First, we need to load the necessary libraries. These include wbstats for accessing World Bank data, dplyr and tidyr for data manipulation, and ggplot2 and ggrepel for data visualization.

library(wbstats)
library(dplyr)
library(tidyr)
library(ggplot2)
library(ggrepel)
library(here)
source(here("utils/theme_and_colors_IMF.R"))

Load and Process Data

Self-Employment Data

We start by loading the self-employment data using the wb_data function from the wbstats package.

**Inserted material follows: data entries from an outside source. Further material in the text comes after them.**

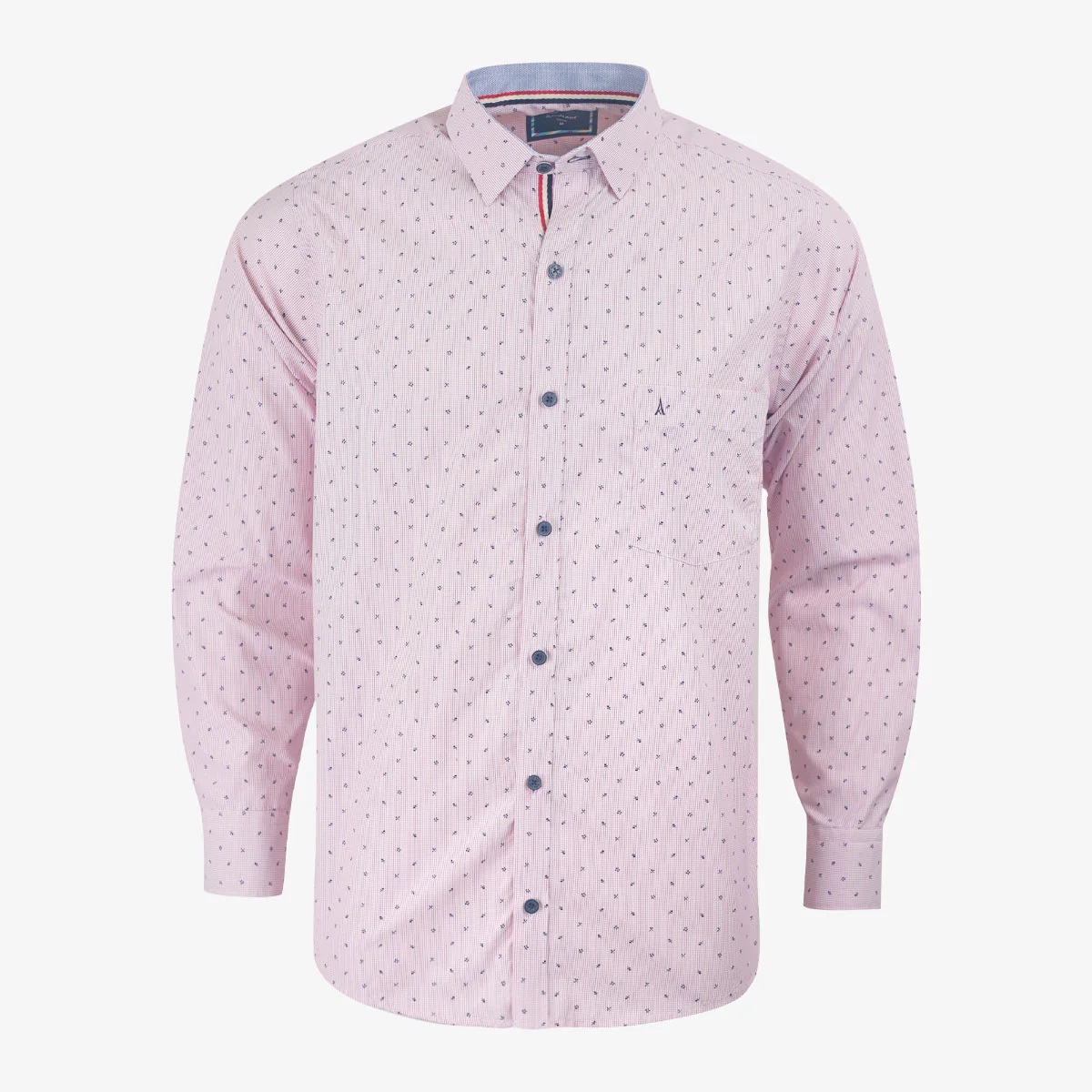 Esta camisa de silueta custom está confeccionada con una mezcla de poliéster (60%) y algodón (40%), que ofrece una textura suave, ligera y duradera. Su tejido dobby con patrón de cuadros pequeños en rojo claro y detalles en azul marino añaden un toque de estilo discreto y moderno.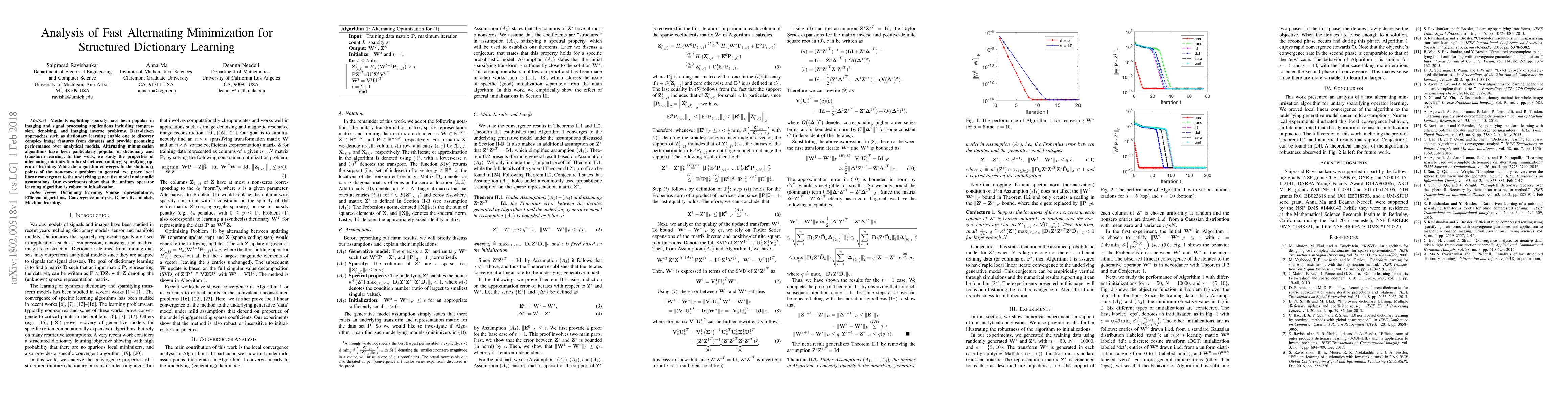 This paper investigates the fast alternating minimization method for learning structured (unitary) sparsifying operators in dictionary learning. It demonstrates rapid local linear convergence under mild assumptions and shows the algorithm's robustness to initialization through experiments.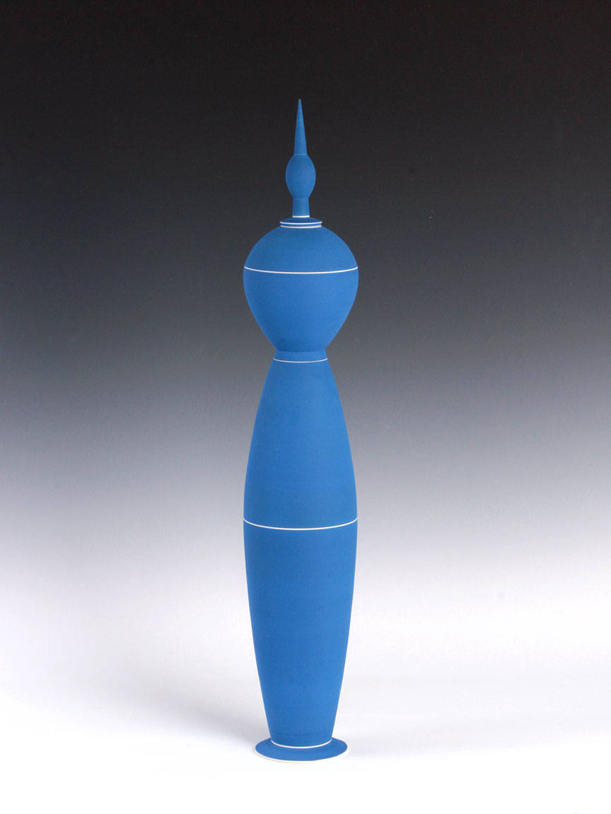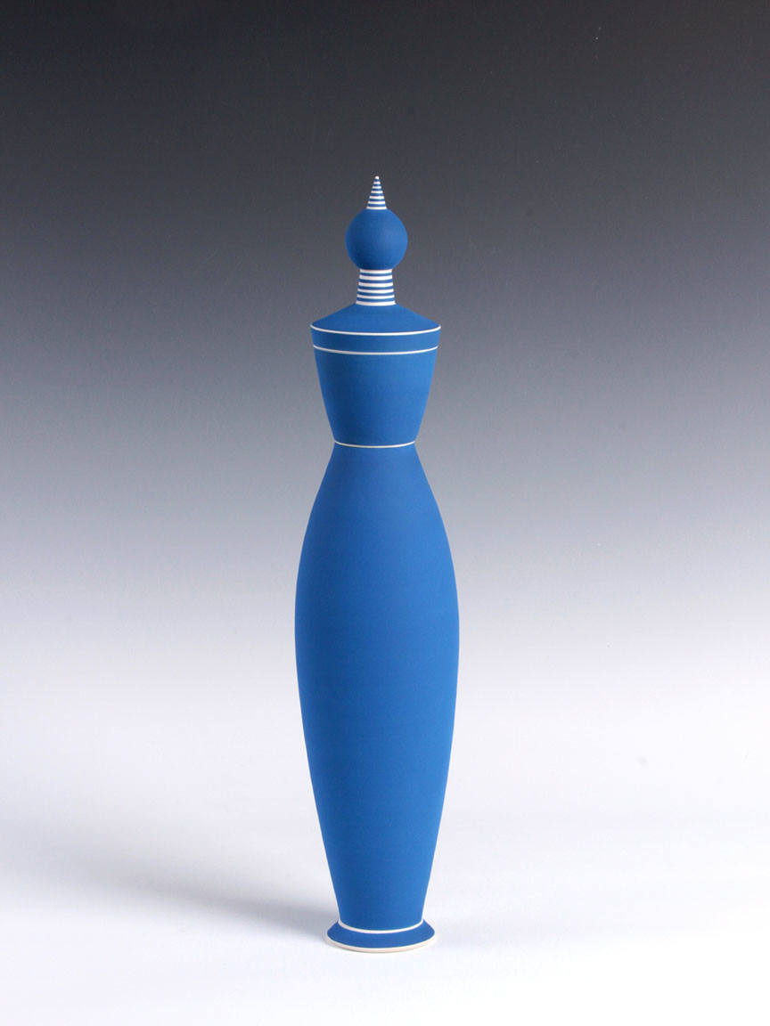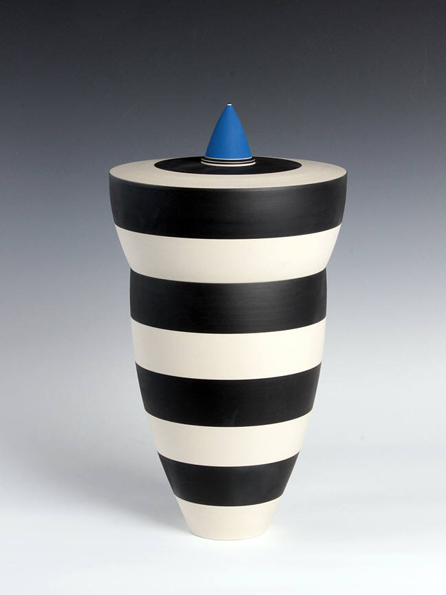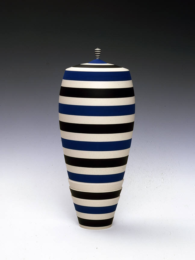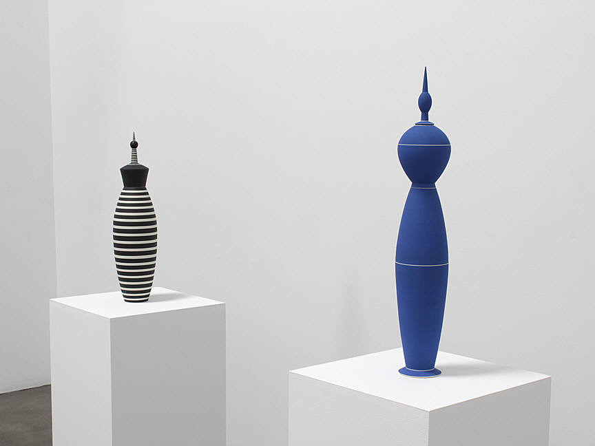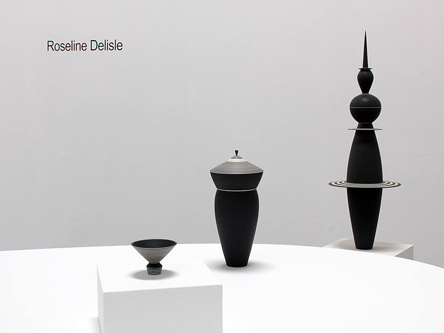 This exhibition will include a selection of work produced in the 1980s and 90s, illustrating the artist's move towards progressively larger forms. Although most of her early work was made in the demanding medium of fired porcelain, Delisle turned to an earthenware clay body to accommodate her desire to build larger-scale figurative pieces. Her largest works are composed of several pieces, which stack together seamlessly. The work was formed and decorated on the wheel, the fundamental basis of Delisle's practice. Horizontal striping in black, white, and blue both accentuates and disrupts the smooth proportions of her wheel-thrown forms. Referring to Delisle's work, McKenna also wrote that "As aesthetic forms, they're structured around a number of oppositions: profile versus surface; vertical thrust versus horizontal stripe; order versus whimsy; color versus form. Perhaps most important, what they do is take another opposition – art versus craft – and skewer it with wit and shocking grace."

We filter the data to include years from 1990 to 2022 and rename columns for clarity.

self_employment <- wb_data(indicator = "SL.EMP.SELF.ZS",country = "all") 

self_employment_data <- self_employment %>%
  filter(date %in% 1990:2022) %>%
  rename(year = date, self_employment = SL.EMP.SELF.ZS) %>%
  filter(iso3c %in% c("EAS", "LCN", "SSF", "HIC", "CEB","USA")) %>%
  select(iso3c,year,self_employment)



self_employment_data$year <- as.numeric(self_employment_data$year)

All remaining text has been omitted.